A month has gone by since the last earnings report for Allstate (ALL). Shares have lost about 4.6% in that time frame, underperforming the S&P 500.

But investors have to be wondering, will the recent negative trend continue leading up to its next earnings release, or is Allstate due for a breakout? Well, first let’s take a quick look at its most recent earnings report in order to get a better handle on the recent catalysts for The Allstate Corporation before we dive into how investors and analysts have reacted as of late.

ALL Q1 Earnings Beat Estimates on Strong Underwriting, Lower Expenses

Allstate reported a first-quarter 2026 adjusted net income of $10.65 per share, which outpaced the Zacks Consensus Estimate by 43.3%. The bottom line surged 201.7% year over year.

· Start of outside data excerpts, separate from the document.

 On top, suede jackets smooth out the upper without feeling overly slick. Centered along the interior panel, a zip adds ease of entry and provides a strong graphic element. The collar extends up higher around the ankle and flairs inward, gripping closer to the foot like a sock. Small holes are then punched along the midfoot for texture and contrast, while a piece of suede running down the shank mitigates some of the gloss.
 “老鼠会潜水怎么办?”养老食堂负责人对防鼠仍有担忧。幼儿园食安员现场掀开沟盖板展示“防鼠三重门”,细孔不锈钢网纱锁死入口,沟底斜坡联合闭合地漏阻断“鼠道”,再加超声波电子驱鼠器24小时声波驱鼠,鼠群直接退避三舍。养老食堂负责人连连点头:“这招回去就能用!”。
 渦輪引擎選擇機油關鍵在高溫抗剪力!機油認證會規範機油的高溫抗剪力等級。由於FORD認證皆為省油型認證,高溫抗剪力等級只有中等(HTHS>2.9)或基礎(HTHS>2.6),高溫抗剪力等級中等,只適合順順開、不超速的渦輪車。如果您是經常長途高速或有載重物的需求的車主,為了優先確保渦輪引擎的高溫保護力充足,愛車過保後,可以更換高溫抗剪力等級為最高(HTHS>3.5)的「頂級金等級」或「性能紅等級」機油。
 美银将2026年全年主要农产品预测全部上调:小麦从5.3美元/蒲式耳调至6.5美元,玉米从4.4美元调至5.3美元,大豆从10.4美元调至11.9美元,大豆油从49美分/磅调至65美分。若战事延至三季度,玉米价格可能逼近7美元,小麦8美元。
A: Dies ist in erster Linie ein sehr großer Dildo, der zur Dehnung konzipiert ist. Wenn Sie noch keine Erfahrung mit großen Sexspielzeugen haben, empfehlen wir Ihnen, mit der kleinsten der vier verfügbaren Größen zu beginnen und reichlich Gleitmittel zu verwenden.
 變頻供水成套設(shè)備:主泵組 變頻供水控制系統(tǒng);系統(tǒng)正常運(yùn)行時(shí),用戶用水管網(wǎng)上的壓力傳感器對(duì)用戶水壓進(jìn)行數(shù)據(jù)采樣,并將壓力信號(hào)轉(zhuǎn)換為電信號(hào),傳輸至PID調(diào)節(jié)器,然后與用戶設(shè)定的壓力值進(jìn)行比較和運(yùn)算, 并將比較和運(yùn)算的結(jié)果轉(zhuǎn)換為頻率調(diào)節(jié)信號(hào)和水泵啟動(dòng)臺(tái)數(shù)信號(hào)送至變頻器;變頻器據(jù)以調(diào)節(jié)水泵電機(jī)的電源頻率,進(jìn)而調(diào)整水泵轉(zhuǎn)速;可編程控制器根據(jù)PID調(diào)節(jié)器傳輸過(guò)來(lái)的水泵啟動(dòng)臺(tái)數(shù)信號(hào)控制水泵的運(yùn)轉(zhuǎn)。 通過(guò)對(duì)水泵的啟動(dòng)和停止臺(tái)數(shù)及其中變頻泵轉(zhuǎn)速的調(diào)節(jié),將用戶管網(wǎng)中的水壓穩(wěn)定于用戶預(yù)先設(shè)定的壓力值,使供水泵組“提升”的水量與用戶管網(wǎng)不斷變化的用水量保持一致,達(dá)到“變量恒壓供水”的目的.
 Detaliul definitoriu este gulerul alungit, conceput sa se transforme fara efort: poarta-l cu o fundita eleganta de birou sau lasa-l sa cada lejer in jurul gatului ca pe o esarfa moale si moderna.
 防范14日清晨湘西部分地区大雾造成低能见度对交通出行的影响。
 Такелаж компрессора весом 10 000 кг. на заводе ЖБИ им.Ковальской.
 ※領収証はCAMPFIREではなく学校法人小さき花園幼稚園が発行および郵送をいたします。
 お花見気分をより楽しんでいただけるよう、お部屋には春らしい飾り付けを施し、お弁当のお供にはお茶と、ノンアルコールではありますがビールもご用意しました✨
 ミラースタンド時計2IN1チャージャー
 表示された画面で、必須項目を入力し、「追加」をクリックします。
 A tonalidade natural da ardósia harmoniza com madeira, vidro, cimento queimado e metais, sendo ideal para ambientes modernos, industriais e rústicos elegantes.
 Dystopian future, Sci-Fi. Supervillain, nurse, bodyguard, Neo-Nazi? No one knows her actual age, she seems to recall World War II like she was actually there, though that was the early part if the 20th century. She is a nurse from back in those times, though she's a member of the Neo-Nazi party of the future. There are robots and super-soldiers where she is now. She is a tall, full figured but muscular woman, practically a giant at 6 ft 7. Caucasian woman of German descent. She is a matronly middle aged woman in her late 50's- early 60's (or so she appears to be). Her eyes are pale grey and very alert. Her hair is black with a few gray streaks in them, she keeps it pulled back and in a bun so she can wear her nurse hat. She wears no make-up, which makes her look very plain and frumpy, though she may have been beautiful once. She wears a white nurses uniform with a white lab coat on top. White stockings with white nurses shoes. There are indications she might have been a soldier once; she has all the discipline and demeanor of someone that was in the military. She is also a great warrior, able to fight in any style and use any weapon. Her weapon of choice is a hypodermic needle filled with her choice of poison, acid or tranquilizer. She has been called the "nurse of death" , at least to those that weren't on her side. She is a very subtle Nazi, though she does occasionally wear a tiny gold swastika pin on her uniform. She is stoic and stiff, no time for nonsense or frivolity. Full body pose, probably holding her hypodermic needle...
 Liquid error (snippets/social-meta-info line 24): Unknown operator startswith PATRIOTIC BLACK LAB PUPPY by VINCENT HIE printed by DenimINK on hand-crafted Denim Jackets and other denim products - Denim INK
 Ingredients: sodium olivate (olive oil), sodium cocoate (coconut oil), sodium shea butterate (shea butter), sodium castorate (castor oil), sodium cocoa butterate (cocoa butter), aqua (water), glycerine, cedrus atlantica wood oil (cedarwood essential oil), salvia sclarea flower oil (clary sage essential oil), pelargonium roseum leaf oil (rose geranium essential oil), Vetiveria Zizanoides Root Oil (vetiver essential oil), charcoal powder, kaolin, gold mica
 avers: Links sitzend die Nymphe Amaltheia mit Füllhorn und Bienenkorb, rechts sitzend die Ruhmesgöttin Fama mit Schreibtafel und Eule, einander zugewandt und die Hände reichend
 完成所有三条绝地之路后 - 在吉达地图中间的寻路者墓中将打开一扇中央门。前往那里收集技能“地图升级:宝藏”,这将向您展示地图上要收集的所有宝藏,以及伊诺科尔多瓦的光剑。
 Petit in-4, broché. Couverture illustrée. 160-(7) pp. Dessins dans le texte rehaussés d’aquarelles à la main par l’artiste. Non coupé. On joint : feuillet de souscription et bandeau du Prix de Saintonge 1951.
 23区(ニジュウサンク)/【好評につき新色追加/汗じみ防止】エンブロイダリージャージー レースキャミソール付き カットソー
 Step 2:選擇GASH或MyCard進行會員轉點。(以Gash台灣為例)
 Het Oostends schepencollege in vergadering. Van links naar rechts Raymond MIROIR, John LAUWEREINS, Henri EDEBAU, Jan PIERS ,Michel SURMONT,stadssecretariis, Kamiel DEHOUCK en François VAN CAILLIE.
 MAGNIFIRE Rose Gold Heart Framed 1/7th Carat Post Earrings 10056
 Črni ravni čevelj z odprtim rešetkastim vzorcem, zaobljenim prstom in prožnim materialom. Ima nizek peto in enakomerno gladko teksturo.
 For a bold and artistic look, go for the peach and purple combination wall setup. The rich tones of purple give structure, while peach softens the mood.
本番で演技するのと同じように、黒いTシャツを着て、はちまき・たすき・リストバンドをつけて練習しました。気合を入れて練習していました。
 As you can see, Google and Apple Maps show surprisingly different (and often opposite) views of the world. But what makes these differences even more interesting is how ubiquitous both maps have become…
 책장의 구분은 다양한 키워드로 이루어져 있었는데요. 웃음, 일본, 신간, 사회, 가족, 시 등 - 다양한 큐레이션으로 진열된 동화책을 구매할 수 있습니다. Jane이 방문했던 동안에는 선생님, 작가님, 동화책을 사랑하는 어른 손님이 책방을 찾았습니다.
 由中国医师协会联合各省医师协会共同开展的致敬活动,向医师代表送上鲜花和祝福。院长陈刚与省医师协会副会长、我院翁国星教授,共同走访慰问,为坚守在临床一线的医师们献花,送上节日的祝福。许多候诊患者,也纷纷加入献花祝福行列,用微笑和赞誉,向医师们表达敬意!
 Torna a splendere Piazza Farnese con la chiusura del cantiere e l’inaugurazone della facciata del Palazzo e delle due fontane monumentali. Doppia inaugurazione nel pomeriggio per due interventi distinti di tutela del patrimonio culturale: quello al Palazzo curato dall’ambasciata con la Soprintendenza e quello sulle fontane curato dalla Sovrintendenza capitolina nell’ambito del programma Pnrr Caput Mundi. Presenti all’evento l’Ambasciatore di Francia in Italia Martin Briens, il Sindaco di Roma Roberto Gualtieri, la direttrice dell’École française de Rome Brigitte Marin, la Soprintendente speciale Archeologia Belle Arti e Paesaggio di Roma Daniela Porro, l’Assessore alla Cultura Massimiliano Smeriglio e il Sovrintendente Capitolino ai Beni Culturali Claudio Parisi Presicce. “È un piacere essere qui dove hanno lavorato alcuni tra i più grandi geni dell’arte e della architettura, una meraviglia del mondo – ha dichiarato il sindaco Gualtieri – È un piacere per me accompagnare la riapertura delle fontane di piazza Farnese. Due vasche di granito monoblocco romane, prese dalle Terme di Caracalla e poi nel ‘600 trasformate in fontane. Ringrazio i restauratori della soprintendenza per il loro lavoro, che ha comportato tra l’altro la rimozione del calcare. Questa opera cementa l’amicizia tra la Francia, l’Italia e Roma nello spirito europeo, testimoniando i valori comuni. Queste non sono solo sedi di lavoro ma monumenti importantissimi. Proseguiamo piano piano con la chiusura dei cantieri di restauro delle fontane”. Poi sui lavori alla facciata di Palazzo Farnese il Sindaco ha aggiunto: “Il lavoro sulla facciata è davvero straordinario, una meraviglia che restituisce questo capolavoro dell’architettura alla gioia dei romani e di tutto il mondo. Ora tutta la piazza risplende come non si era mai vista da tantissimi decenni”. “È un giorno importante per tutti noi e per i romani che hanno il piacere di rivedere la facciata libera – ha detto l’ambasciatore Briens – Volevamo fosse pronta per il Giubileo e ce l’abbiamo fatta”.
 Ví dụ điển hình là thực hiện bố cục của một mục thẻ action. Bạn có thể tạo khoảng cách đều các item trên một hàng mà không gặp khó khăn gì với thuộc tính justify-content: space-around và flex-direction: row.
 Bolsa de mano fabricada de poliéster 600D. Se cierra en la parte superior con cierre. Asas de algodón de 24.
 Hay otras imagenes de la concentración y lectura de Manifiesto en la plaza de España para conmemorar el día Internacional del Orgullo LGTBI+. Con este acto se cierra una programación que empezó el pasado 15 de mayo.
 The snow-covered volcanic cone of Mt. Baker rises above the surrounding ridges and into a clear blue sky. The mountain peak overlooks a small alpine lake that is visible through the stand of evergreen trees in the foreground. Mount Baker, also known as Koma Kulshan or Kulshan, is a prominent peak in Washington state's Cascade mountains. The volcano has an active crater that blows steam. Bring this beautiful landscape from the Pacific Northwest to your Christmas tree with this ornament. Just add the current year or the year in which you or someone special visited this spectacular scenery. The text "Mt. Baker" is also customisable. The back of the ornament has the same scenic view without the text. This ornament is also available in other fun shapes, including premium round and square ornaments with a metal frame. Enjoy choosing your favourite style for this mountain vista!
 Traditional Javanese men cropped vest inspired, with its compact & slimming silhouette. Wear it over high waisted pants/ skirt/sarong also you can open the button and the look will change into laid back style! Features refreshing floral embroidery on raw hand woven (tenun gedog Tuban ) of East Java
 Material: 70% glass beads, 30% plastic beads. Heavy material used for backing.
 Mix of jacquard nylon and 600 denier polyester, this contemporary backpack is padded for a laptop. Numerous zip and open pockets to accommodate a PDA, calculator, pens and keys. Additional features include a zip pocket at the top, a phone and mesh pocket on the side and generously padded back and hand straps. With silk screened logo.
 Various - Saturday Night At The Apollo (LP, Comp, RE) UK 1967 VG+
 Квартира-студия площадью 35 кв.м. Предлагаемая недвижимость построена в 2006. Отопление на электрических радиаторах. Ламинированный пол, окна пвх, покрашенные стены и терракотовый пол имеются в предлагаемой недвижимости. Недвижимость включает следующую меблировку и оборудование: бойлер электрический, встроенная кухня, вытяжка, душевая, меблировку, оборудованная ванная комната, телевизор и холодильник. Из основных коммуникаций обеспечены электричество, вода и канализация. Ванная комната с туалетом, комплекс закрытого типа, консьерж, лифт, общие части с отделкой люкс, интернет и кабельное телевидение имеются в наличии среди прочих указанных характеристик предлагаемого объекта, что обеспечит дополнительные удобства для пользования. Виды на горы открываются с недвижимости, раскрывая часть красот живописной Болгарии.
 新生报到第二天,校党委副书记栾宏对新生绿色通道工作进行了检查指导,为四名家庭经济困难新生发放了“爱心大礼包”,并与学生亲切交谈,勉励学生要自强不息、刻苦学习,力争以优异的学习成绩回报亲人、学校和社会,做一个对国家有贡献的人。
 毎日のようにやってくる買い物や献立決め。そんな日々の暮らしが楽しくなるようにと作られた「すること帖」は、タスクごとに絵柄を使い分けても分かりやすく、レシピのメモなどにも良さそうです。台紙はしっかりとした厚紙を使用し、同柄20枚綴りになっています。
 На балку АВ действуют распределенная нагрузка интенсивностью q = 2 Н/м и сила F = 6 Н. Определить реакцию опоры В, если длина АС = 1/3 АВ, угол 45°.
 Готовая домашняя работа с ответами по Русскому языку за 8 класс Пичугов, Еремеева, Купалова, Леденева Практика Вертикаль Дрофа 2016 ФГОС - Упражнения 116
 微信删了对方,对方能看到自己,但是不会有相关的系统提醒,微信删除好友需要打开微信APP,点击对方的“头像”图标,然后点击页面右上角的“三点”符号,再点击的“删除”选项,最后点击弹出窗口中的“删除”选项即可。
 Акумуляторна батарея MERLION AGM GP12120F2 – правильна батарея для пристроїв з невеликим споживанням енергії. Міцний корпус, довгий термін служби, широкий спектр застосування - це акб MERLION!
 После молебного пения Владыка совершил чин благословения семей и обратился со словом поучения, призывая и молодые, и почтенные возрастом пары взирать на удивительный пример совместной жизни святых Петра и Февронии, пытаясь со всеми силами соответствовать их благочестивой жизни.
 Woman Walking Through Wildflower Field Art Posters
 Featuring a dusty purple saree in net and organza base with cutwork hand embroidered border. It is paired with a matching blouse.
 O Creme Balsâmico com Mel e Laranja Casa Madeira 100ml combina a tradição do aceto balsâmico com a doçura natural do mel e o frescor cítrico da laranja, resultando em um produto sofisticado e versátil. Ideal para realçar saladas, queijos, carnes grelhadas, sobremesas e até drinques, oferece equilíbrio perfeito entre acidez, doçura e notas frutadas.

Operating revenues of $17.3 billion grew 3.2% year over year. However, the top line missed the consensus mark by 2%.

Allstate’s quarterly results were driven by higher property and casualty insurance premiums, improved net investment income and lower catastrophe losses. Lower expenses and strong underwriting performance further aided results.

Key Takeaways From Allstate’s Q1 Results

Property and casualty insurance premiums improved 5.8% year over year to $15.6 billion. Net investment income of $938 million advanced 9.8% year over year on the back of a growing market-based portfolio. The metric beat the Zacks Consensus Estimate of $895 million and our estimate of $935 million. Market-based investment income rose 10% year over year to $791 million in the quarter under review.

Total costs and expenses were $13.8 billion, which decreased 12.1% year over year and was lower than our estimate of $15.5 billion. The year-over-year decline was due to decreased property and casualty insurance claims and claims expenses, accident, health and other policy benefits and Pension and other postretirement remeasurement (gains) losses. Catastrophe losses of $1.2 billion dropped 43.7% year over year.

Allstate’s pretax income increased significantly, up 332.3% year over year to $3.1 billion. As of Dec. 31, 2025, total policies in force were 212 million, up 2.5% year over year.

ALL’s Segmental Performances

The Property-Liability segment reported premiums earned of $14.8 billion in the first quarter, up 5.5% year over year, driven by higher average premiums in homeowners insurance and growth in policies in force. However, the metric missed both the Zacks Consensus Estimate and our estimate of $15.1 billion. Underwriting income in the segment surged 638.3% year over year to $2.7 billion. The underlying combined ratio improved 280 basis points to 80.3%.